Axe · Адаптивная экспериментальная платформа

 #!/usr/bin/env python3
# Copyright (c) Facebook, Inc. и ее филиалы. Все права защищены.
введите import Any, Dict, List, Optional, Tuple, Union
импортировать numpy как np
импортировать plotly.graph_objs как есть
из ax.plot.base импортировать AxPlotConfig, AxPlotTypes
из ax.plot.color импортировать ЦВЕТА, DISCRETE_COLOR_SCALE, rgba
# введите псевдонимы
Следы = Список[Словарь[строка, Любая]]
 

[документы] def mean_trace_scatter ( у: np.ndarray, trace_color: Tuple[int] = COLORS.STEELBLUE.value, legend_label: ул = "среднее", ) -> go.Scatter: """Создает объект графика для трассировки среднего значения заданного ряда по бежит. Аргументы: y: массив (r x t) с результатами r прогонов и t испытаний. trace_color: кортеж из 3 значений int, представляющих цвет RGB. По умолчанию синий. legend_label: метка для этой трассы Возвращает: go.Scatter: объект графического графика """ return go.
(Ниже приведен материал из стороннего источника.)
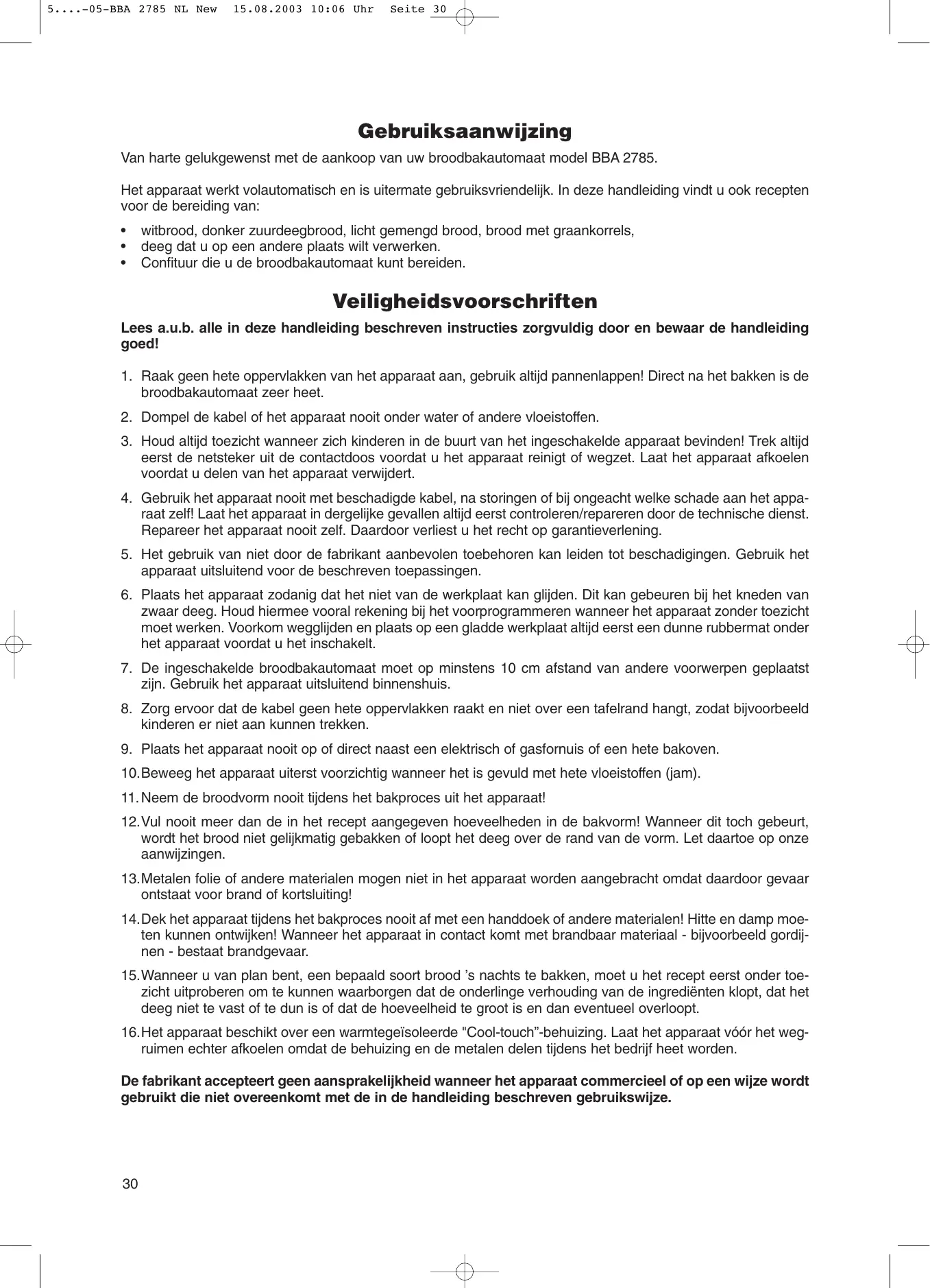 Veiligheidsvoorschriften Lees a.u.b. alle in deze handleiding beschreven instructies zorgvuldig door en bewaar de handleiding goed! 1. Raak geen hete oppervlakken van het apparaat aan, gebruik altijd pannenlappen! Direct na het bakken is de broodbakautomaat zeer heet. 2. Dompel de kabel of het apparaat nooit onder water of andere vloeistoffen. 3. Houd altijd toezicht wanneer zich kinderen in de buurt van het ingeschakelde apparaat bevinden! Trek altijd eerst de netsteker uit de contactdoos voordat u het apparaat reinigt of wegzet. Laat het apparaat afkoelen voordat u delen van het apparaat verwijdert. 4. Gebruik het apparaat nooit met beschadigde kabel, na storingen of bij ongeacht welke schade aan het apparaat zelf! Laat het apparaat in dergelijke gevallen altijd eerst controleren/repareren door de technische dienst. Repareer het apparaat nooit zelf. Daardoor verliest u het recht op garantieverlening. 5. Het gebruik van niet door de fabrikant aanbevolen toebehoren kan leiden tot beschadigingen. Gebruik het apparaat uitsluitend voor de beschreven toepassingen. 6. Plaats het apparaat zodanig dat het niet van de werkplaat kan glijden. Dit kan gebeuren bij het kneden van zwaar deeg. Houd hiermee vooral rekening bij het voorprogrammeren wanneer het apparaat zonder toezicht moet werken. Voorkom wegglijden en plaats op een gladde werkplaat altijd eerst een dunne rubbermat onder het apparaat voordat u het inschakelt. 7. De ingeschakelde broodbakautomaat moet op minstens 10 cm afstand van andere voorwerpen geplaatst zijn. Gebruik het apparaat uitsluitend binnenshuis. 8. Zorg ervoor dat de kabel geen hete oppervlakken raakt en niet over een tafelrand hangt, zodat bijvoorbeeld kinderen er niet aan kunnen trekken. 9. Plaats het apparaat nooit op of direct naast een elektrisch of gasfornuis of een hete bakoven. 10.Beweeg het apparaat uiterst voorzichtig wanneer het is gevuld met hete vloeistoffen (jam). 11. Neem de broodvorm nooit tijdens het bakproces uit het apparaat! 12.Vul nooit meer dan de in het recept aangegeven hoeveelheden in de bakvorm! Wanneer dit toch gebeurt, wordt het brood niet gelijkmatig gebakken of loopt het deeg over de rand van de vorm. Let daartoe op onze aanwijzingen. 13.Metalen folie of andere materialen mogen niet in het apparaat worden aangebracht omdat daardoor gevaar ontstaat voor brand of kortsluiting! 14.Dek het apparaat tijdens het bakproces nooit af met een handdoek of andere materialen! Hitte en damp moeten kunnen ontwijken! Wanneer het apparaat in contact komt met brandbaar materiaal - bijvoorbeeld gordijnen - bestaat brandgevaar. 15.Wanneer u van plan bent, een bepaald soort brood ’s nachts te bakken, moet u het recept eerst onder toezicht uitproberen om te kunnen waarborgen dat de onderlinge verhouding van de ingrediënten klopt, dat het deeg niet te vast of te dun is of dat de hoeveelheid te groot is en dan eventueel overloopt. 16.Het apparaat beschikt over een warmtegeïsoleerde "Cool-touch”-behuizing. Laat het apparaat vóór het wegruimen echter afkoelen omdat de behuizing en de metalen delen tijdens het bedrijf heet worden. De fabrikant accepteert geen aansprakelijkheid wanneer het apparaat commercieel of op een wijze wordt gebruikt die niet overeenkomt met de in de handleiding beschreven gebruikswijze.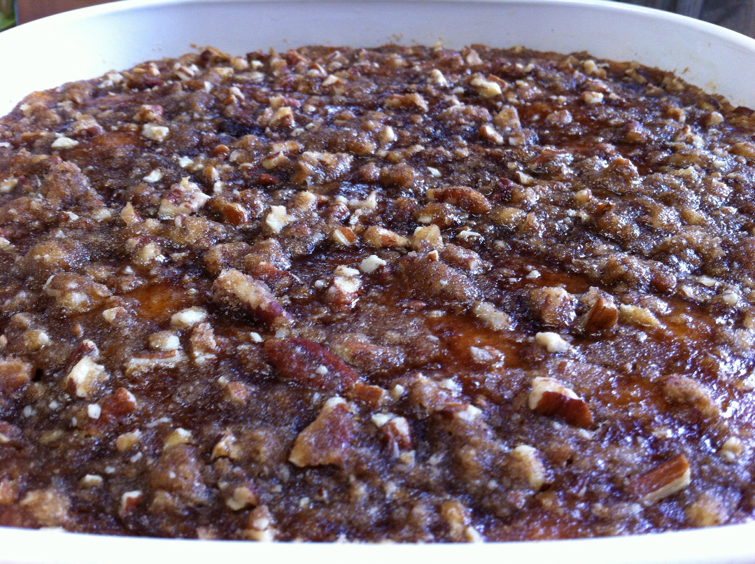Evenly sprinkle pecan topping over the sweet potatoes.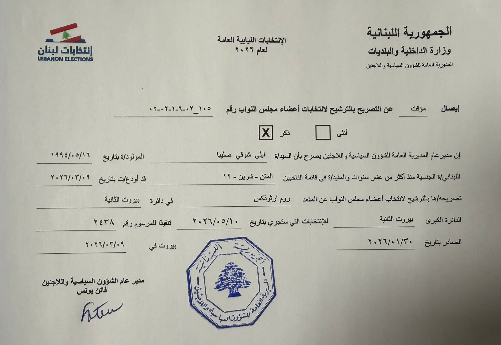 وأشار البيان إلى أن تقديم الترشيح يشكل رسالة سياسية واضحة بضرورة الحفاظ على الاستحقاق الانتخابي وعدم القبول بتمديد طويل للمجلس النيابي.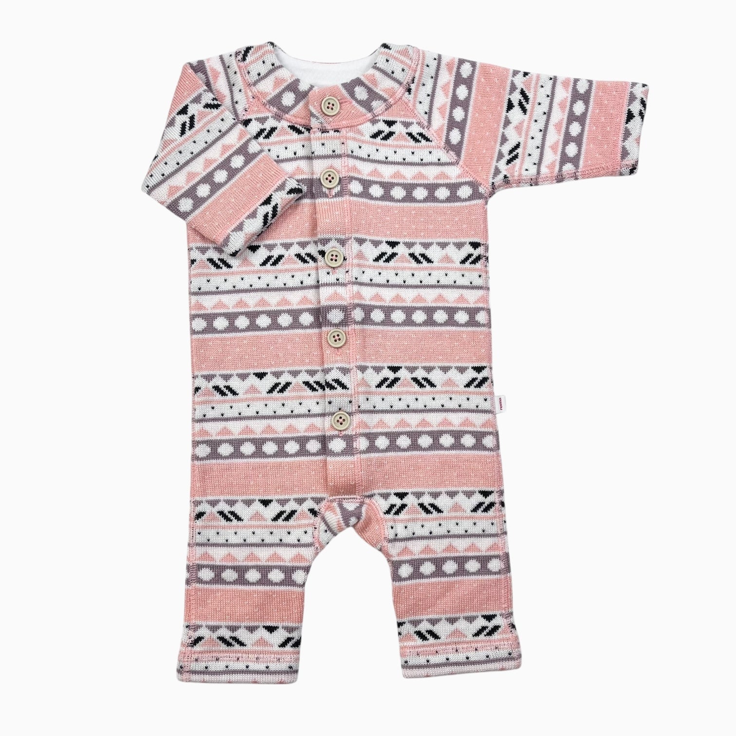 Combi rose à motifs en tricot de laine 56-62CM 3M
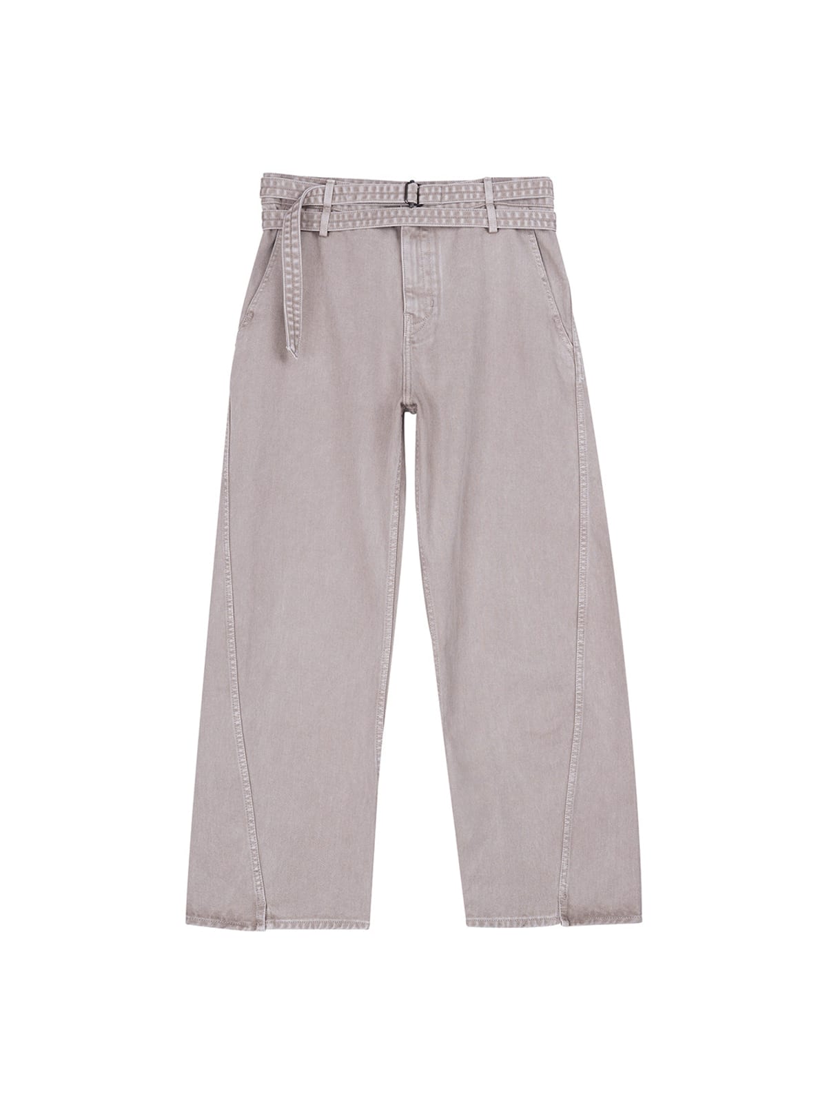 SIMPLE PROJECT's curved jeans in garment-dyed 100% cotton. Features an integrated twisted belt at the waist, curved leg seams, and a zip fly closure.

Scatter( # pyre-ignore[16]: `plotly.graph_objs` не имеет атрибута. `Scatter` имя = легенда_метка, legendgroup=legend_label, х=np.arange(1, y.shape[1] + 1), y=np.mean(y, ось=0), режим = "линии", строка = {"цвет": rgba (trace_color)}, цвет заливки = rgba (trace_color, 0,3), заполнить = "тонексти", )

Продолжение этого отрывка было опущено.